Chaque jour, un membre de SOS MEDITERRANEE vous donne sa vision des opérations de sauvetage en mer et des événements. Retrouvez ces chroniques en son, images et vidéos.

le 20/02/2019

[3 QUESTIONS A] Francis Vallat, président de SOS MEDITERRANEE France

Francis Vallat, président de SOS MEDITERRANEE France, a prêté sa plume à la revue Sens-Dessous n°25 intitulée "Humanités". En voici un extrait.

 

1. Quel est le cadre juridique des actions de SOS MEDITERRANEE ?  

 

C’est très simple, les conventions internationales sont notre guide. Nous respectons toujours scrupuleusement le droit de la mer et le droit humanitaire. « Les rescapés doivent être débarqués dans le lieu sûr le plus proche et dans les meilleurs délais ». Voilà ce que dit en substance le droit maritime international. Et je peux vous assurer que ce sont bien les ONG comme nous qui sommes du côté du droit en Méditerranée centrale depuis que l’Italie a fermé ses ports et a déclaré la guerre aux ONG, avec la complicité honteuse de bien des Etats dits de droit de notre Europe. Nous n’avions d’ailleurs aucun problème quand ce droit maritime, très clair, était respecté par tous. Au contraire nous recevions à cette époque de nombreuses récompenses et prix, décernés par l’Union Européenne, l’Unesco, tel ou tel jury européen ou africain. Aujourd’hui ce sont plutôt la calomnie et la désinformation qui nous assaillent, sans limite, sans sanction, sans rappels - suffisants en tout cas - à la simple vérité. Alors que, faut-il le rappeler, l’obligation de sauver quelqu’un qui se noie relève aussi de la nécessaire assistance à personne en danger qui est un principe de droit universel !

 

J’ajoute que nous n’agissons pas de notre propre chef ou seuls, sauf dans les cas de péril imminent qui demandent une intervention immédiate ou lorsque les centres de sécurité officiels ne nous répondent pas, ce qui se produit très fréquemment depuis que la zone de coordination des sauvetages en eaux internationales a été officiellement transférée vers la Libye en juin 2018. Et nous le faisons alors toujours en transparence (information systématique et demande d’instructions à tous les MRCC1 avoisinants, essentiellement l’Italie et Malte).
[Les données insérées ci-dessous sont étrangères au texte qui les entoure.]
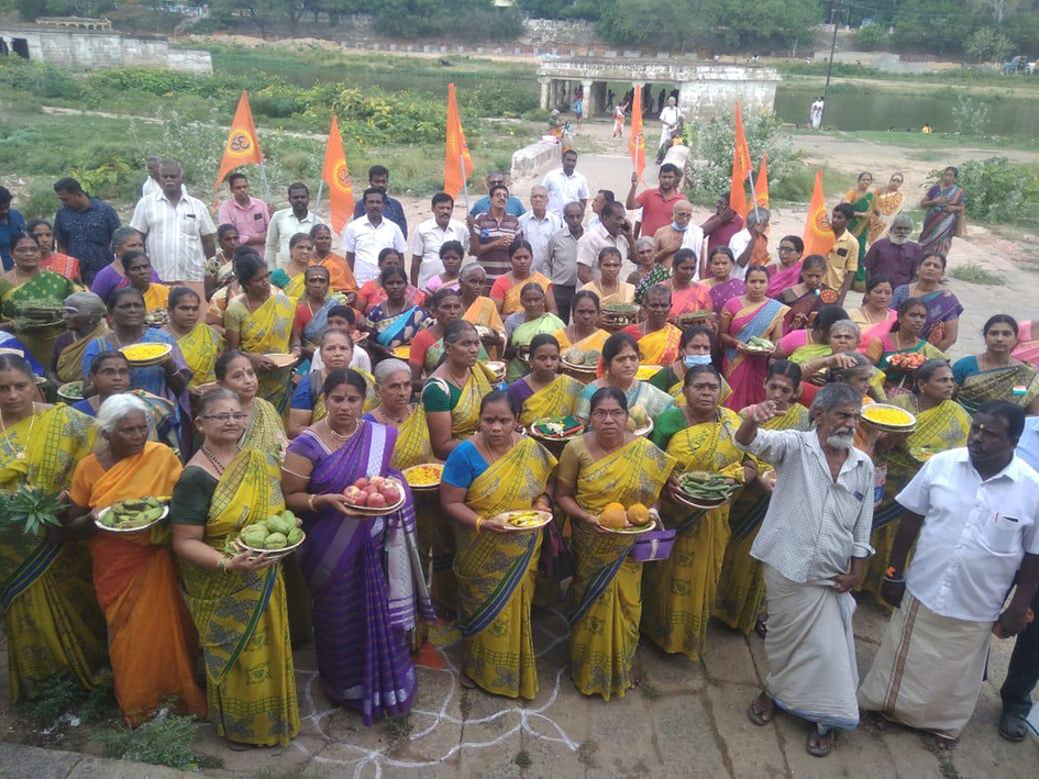 நேற்று மாலையில் விஸ்வ இந்து பரிஷத் சார்பில் நெல்லை சந்திப்பு வரதராஜ பெருமாள் கோவில் முன்பு தொடங்கி சந்திப்பு கைலாசநாதர் கோவில் வரை தாமிரபரணி நதிக்கு உரிய சீர்வரிசைகளை எடுத்து கொண்டு ஊர்வலமாக வந்து தைப்பூச மண்டபத்தில் தாமிரபரணி நதிக்கு பூஜை செய்து சீர்வரிசை செய்யும் சிறப்பு நிகழ்ச்சி நடந்தது.

Et en coordination avec ces autorités légales lorsque c’est possible bien sûr, ce qui fut toujours le cas jusqu’à la nouvelle situation chaotique créée en zone SAR2 libyenne il y a quelques mois (alors qu’elle relevait des autorités italiennes compétentes auparavant). Une zone où nous essayons systématiquement de dialoguer mais où - du fait de la situation déliquescente du pays et du comportement erratique des garde-côtes libyens – c’est presque toujours sans succès, c’est le moins qu’on puisse dire ! Et en plus nous sommes toujours sous leur menace de devoir ramener les naufragés sur le sol (l’enfer !) libyen qui n’est juridiquement pas un lieu sûr comme l’a rappelé opportunément et clairement le HCR3.

 

Oui, ce qui nous unit chez SOS MEDITERRANEE est « seulement » la nécessité du sauvetage au sens plein du terme ; or étant citoyens et légalistes nous ne demandons ensemble que l’application indiscutable du droit du sauvetage, c’est-à-dire des zones de débarquement proches des lieux de sauvetage et où les naufragés puissent être reçus et leur dignité respectée. Et nous obéirons et nous obéissons évidemment à toute instruction conforme à ce point majeur du droit international concernant la sauvegarde de la vie en mer.

 

Autre point de droit, nous n’avons pas violé, ni directement ni indirectement, de règles de pavillon quelles qu’elles soient (Gibraltar ou Panama par exemple). Au contraire nous respectons toutes les règles les plus strictes, comme le prouvent régulièrement les résultats systématiquement satisfaisants des nombreux contrôles PSC (contrôles portuaires effectués par les Etats des ports où nous escalons) auxquels nous avons été soumis. C’est d’ailleurs la raison pour laquelle ceux qui ont voulu tuer l’Aquarius n’ont eu comme possibilité que le colportage de mensonges, la désinformation, ou le chantage politique ou politico-économique à l’encontre des Etats qui pouvaient ou pourraient nous aider.

 

Votre question est pour moi l’occasion de rappeler que nous ne menaçons pas non plus l’identité européenne en sauvant les personnes en détresse. Nous la défendons au contraire, en mettant en œuvre et en appliquant les valeurs qui ont fait cette identité et la font encore aujourd’hui, et en réclamant le respect d’un droit qui a largement été créé par notre continent et que soutiennent officiellement tous les Etats de droit… précisément au nom de ces valeurs.

 

C’est l’instabilité créée par le chantage et les coups de force juridiques contre nous qui est dangereuse et menace l’âme de l’Europe.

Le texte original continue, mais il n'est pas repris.